Insulin glargine at 300 U/mL (Gla-300) affords similar glycaemic control as that at 100 U/mL (Gla-100) in East Asian patients, although the former is associated with consistently fewer hypoglycaemic events at any time of the day and night, according to the results of a meta-analysis.
The patient-level meta-analysis was based on three EDITION studies having similar design and endpoints. The overall population comprised 547 patients treated with Gla-300 and 348 patients treated with Gla-100.
Pooled data showed that over a treatment period of 6 months, the change in glycated haemoglobin (HbA1c) from baseline did not differ between Gla-300 (least square [LS] mean, –1.13 percent) and Gla-100 (–1.14 percent), with the high-strength formulation showing noninferiority to Gla-100 (LS mean difference, 0.02 percent, 95 percent confidence interval [CI], –0.08 to 0.11).

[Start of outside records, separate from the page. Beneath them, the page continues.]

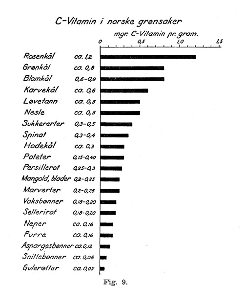 Tidligere i Tidsskriftet Ikke for lite, ikke for mye Marit Fjellhaug Nylund Om forfatteren Se alle artikler Marit Nylund Email: marit.nylund@legeforeningen.no Tidsskriftet () sporsmal_grey_rgb Artikkel Det er sol og sommer. Men får befolkningen nok vitaminer gjennom naturlige vitaminkilder? Dette spørsmålet har vært stilt mange ganger gjennom tidene, også i Tidsskriftet nr. 18/1938. I en artikkel (Tidsskr Nor Lægeforen 1938; 58: 1062 – 84) gjennomgås vitamin for vitamin med dets kilder og mengdeangivelser, mye testet ved dyreforsøk. Vitamininnholdet i friske og hermetiske næringsmidler. Vitamininnholdet i friske og hermetiske næringsmidler. Av Gulbrand Lunde, Stavanger. Kommentarer ( 0 ) Dette kommentarfeltet modereres, men kommentarer blir ikke redaksjonelt behandlet ut over å sikre at de følger retningslinjer for vårt kommentarfelt. Denne artikkelen ble publisert for mer enn 12 måneder siden, og vi har derfor stengt for nye kommentarer. Publisert: 17. juni 2011 Utgave 12, 17. juni 2011 Tidsskr Nor Legeforen 17. juni 2011 doi: 10.4045/tidsskr.11.0582 PlumX 131 : 1210 Publisert: 17. juni 2011 Utgave 12, 17. juni 2011 Tidsskr Nor Legeforen 2011 131 : 1210 doi: 10.4045/tidsskr.11.0582 Plum Print visual indicator of research metrics PlumX Metrics PDF Får du ikke vist PDF-filen eller vil lagre filen, kan du høyreklikke på PDF-ikonet. Velg «Lagre mål/fil som..» og hent så opp PDF-filen i for eksempel Acrobat Reader. Skriv ut Anbefalte artikler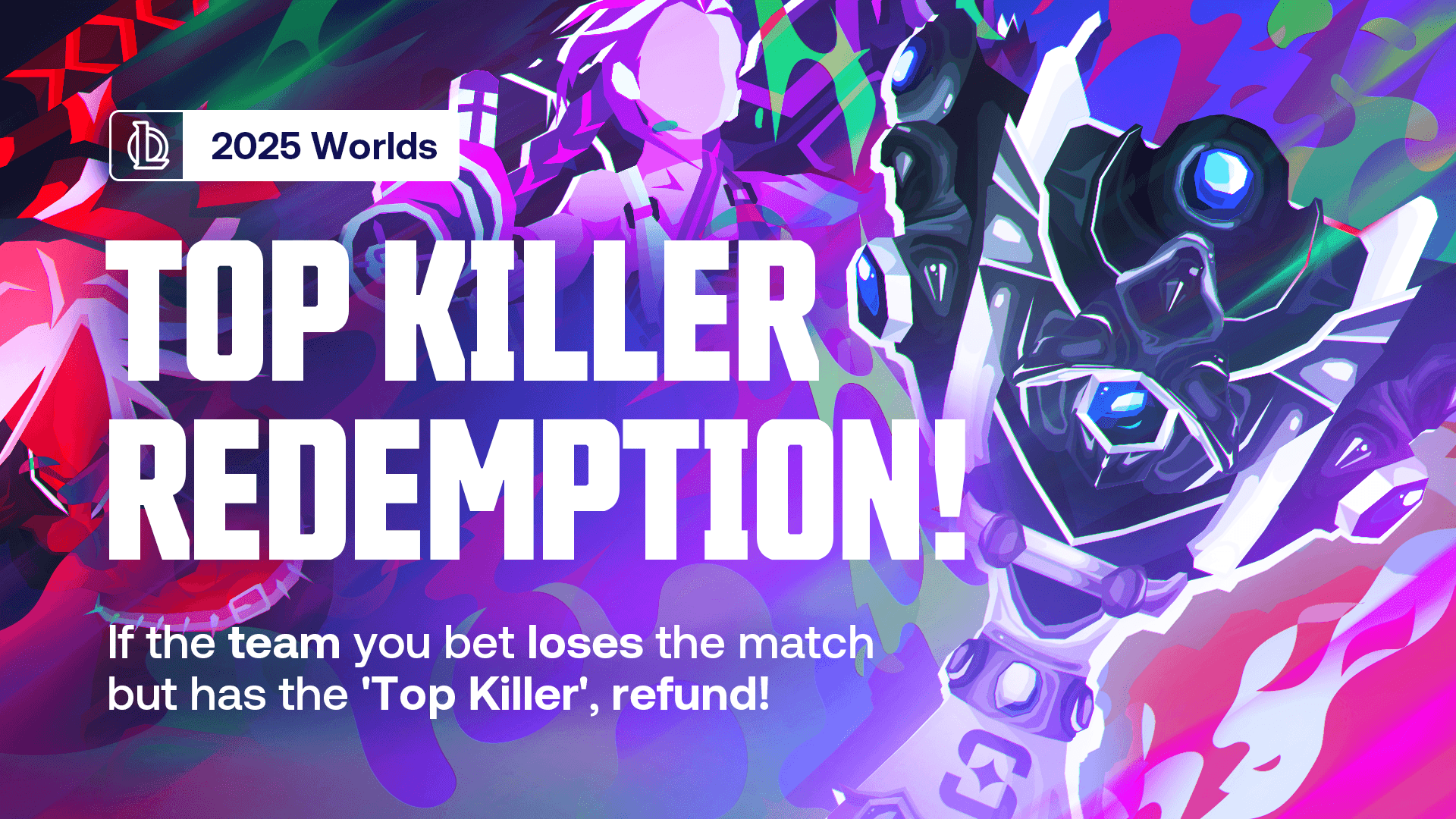 For the entire League of Legends Worlds 2025 Tournament, if the team you back has the Top Killer for the entire match but loses, refund!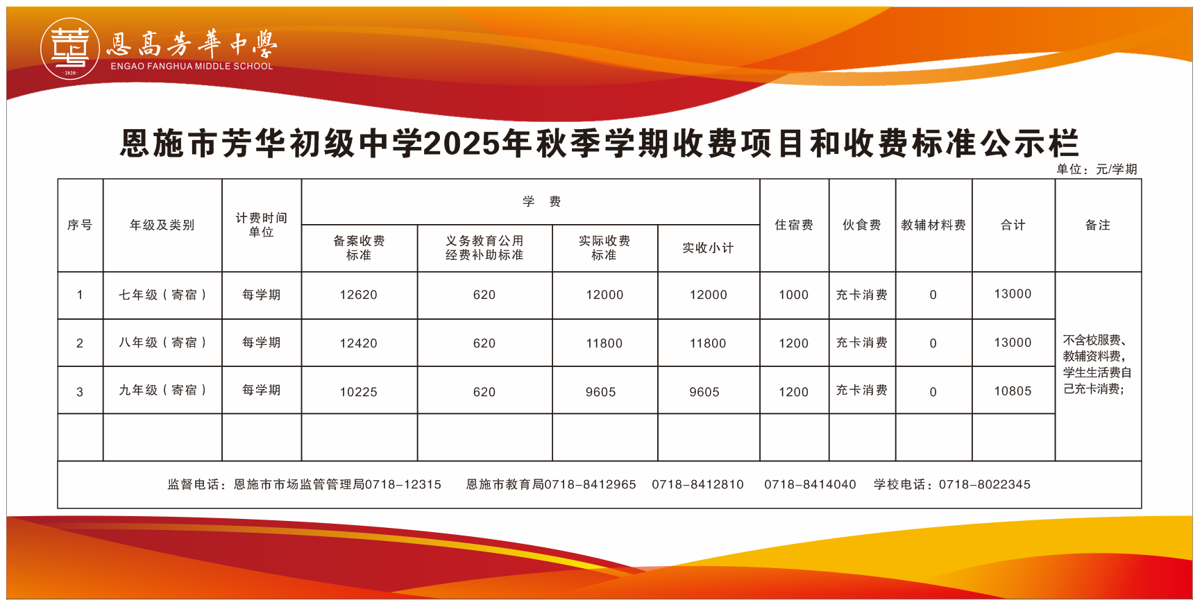恩施州恩高芳华高级中学2025年秋季学期收费项目和收费标准公示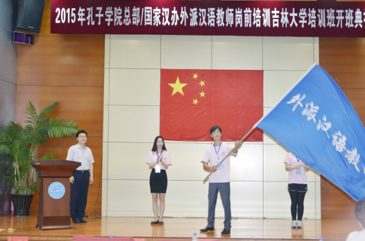 随后,培训学员代表从刘德斌教授手中接过印有“外派汉语教师”字样的旗帜。蓝色的旗帜在会场中舞动飘扬,场内响起热烈的掌声。

The HbA1c target of <7.0 percent at month 6 was met by 46.4 percent (248/535) of patients in the Gla-300 group and 43.1 percent (147/341) in the Gla-100 group, with 42.4 percent and 37.0 percent having achieved this without hypoglycaemia (confirmed <3 mmol/l or severe). A similar pattern of results was observed among patients achieving HbA1c target of <6.5 percent.

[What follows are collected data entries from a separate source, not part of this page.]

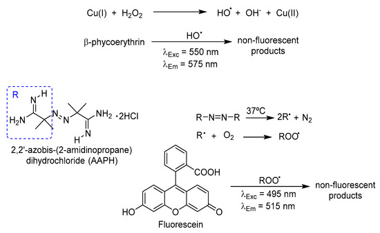 2,2′-Azobis-(2-amidinopropane)dihydrochloride (AAPH) is the most used peroxyl radical generator in hydrophilic systems [24] and as fluorescent probe can be used β-phycoerythrin or more recently fluorescein [16,25,28]. Thus, peroxyl radical are formed by thermodecomposition of AAPH, giving an alkyl radical that react with molecular oxygen to give peroxyl radical. The decay in fluorescence is recorded and the results of the scavenging activity is expressed as Trolox equivalents [56].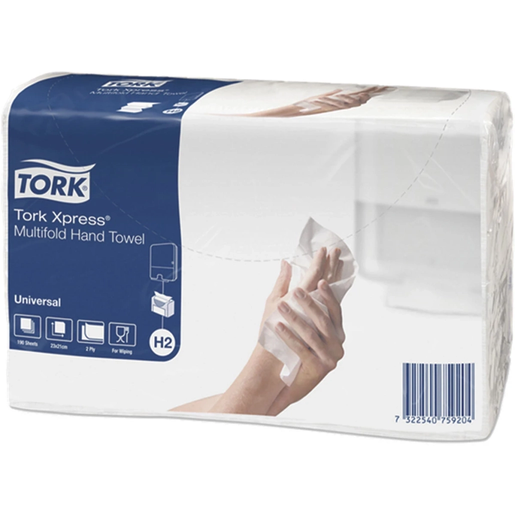 Tork Express H2 håndklædeark dækker de fleste basale behov for håndaftørring. Økonomisk løsning der især egner sig til toiletter og miljøer med en middel brugerfrekvens.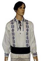 Camasa din panza de bumbac gros ( matador) alba, cusuta manual cu fir albastru si negru.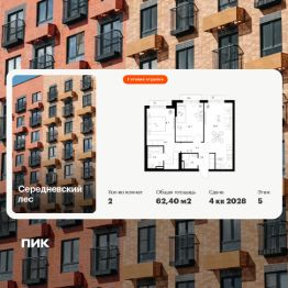 Продаётся 2-комн. квартира площадью 62,4 кв.м на 5 этаже 16 этажного дома (Корпус 2.1.4, Секция 4) проекта ПИК Середневский лес. Светлый просторный подъезд на уровне земли, функциональная планировка, большие окна, c отделкой.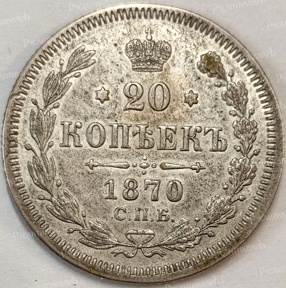 20 копеек 1870 год "СПБ - HI".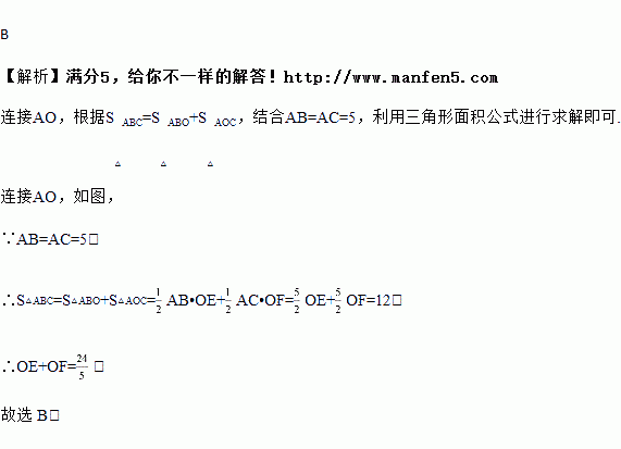 如图,ABC是等腰三角形,点O 是底边BC上任意一点,OE、OF分别与两边垂直,等腰三角形ABC的腰长为5,面积为12,则OE+OF的值为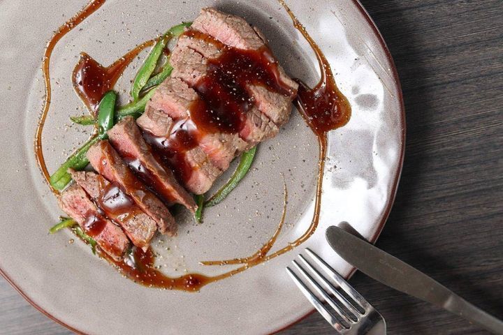 レアに焼き上げた牛モモ肉とシャキシャキのピーマンに、アニス香るイタリアのお酒ガリアーノを風味付けに使った特製オイスターソースで♪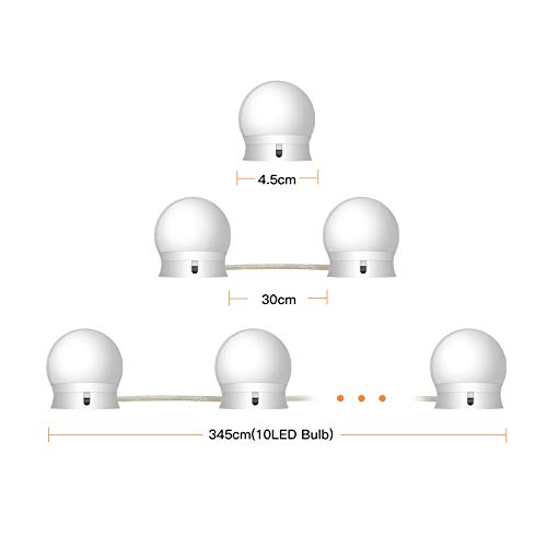 LEDGLE Luci da Specchio, Stile Hollywood Kit Luci per Specchio, 10 Lampadine Dimmerabili a Specchio per Lampada da Toletta, Lampada Trucco, Specchio Cosmetico, Lampada Specchio Bagno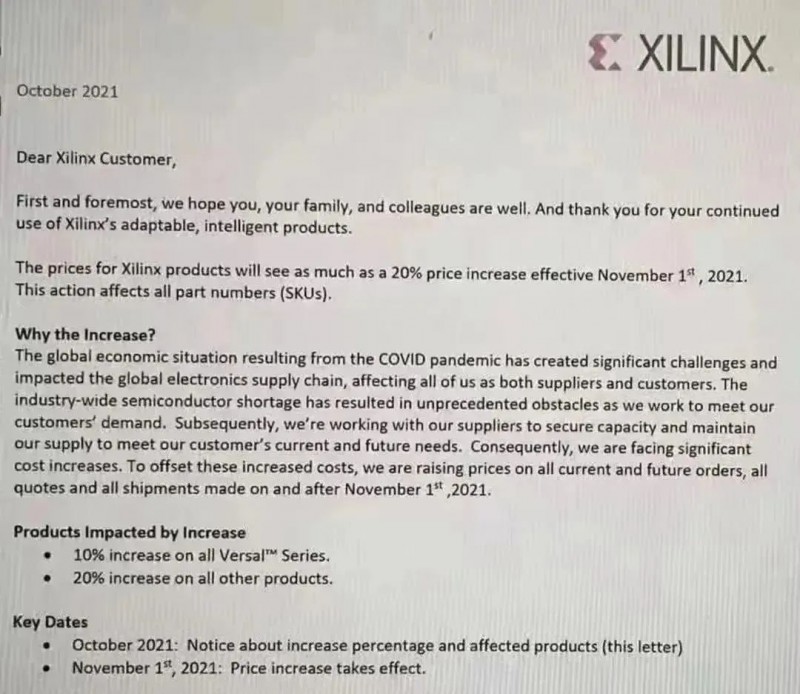 9月底,多家主要海外芯片生產(chǎn)商紛紛宣布,對(duì)IGBT和IC半導(dǎo)體等核心芯片展開(kāi)新一輪漲價(jià)。意法半導(dǎo)體表示,將在今年最后一個(gè)季度提高所有產(chǎn)品價(jià)格,包括現(xiàn)有庫(kù)存;安森美則是從10月初開(kāi)始,對(duì)部分產(chǎn)品漲價(jià)生效,新價(jià)格將適用于新訂單和現(xiàn)有積壓訂單;此外,賽靈思也發(fā)布通知稱(chēng),將會(huì)提高2021年11月1日及之后所有當(dāng)前和未來(lái)的訂單、所有報(bào)價(jià)和所有發(fā)貨的價(jià)格。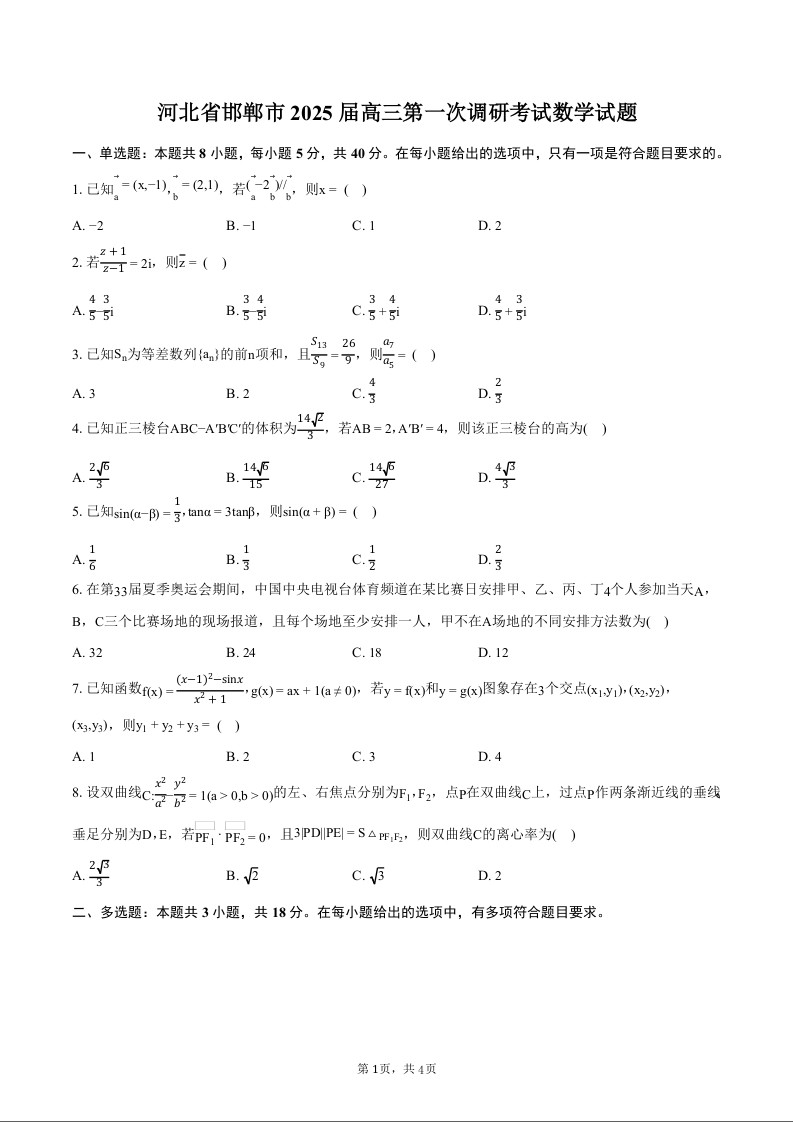 邯郸市2025+届高三年级第一次调研监测+数学

Meanwhile, Gla-300 led to a consistently lower occurrence of hypoglycaemic event (confirmed ≤3.9 mmol/L or severe) at any time of day or at night (00:00 to 05:59 h) relative to Gla-100. The respective event rates of hypoglycaemia were 66.6 percent vs 74.0 percent (relative risk [RR], 0.90, 95 percent CI, 0.83–0.98) over 24 hours and 34.5 percent vs 44.5 percent (RR, 0.76, 95 percent CI, 0.64–0.90) at night.
Severe hypoglycaemia occurred rarely overall, and weight gain was minimal.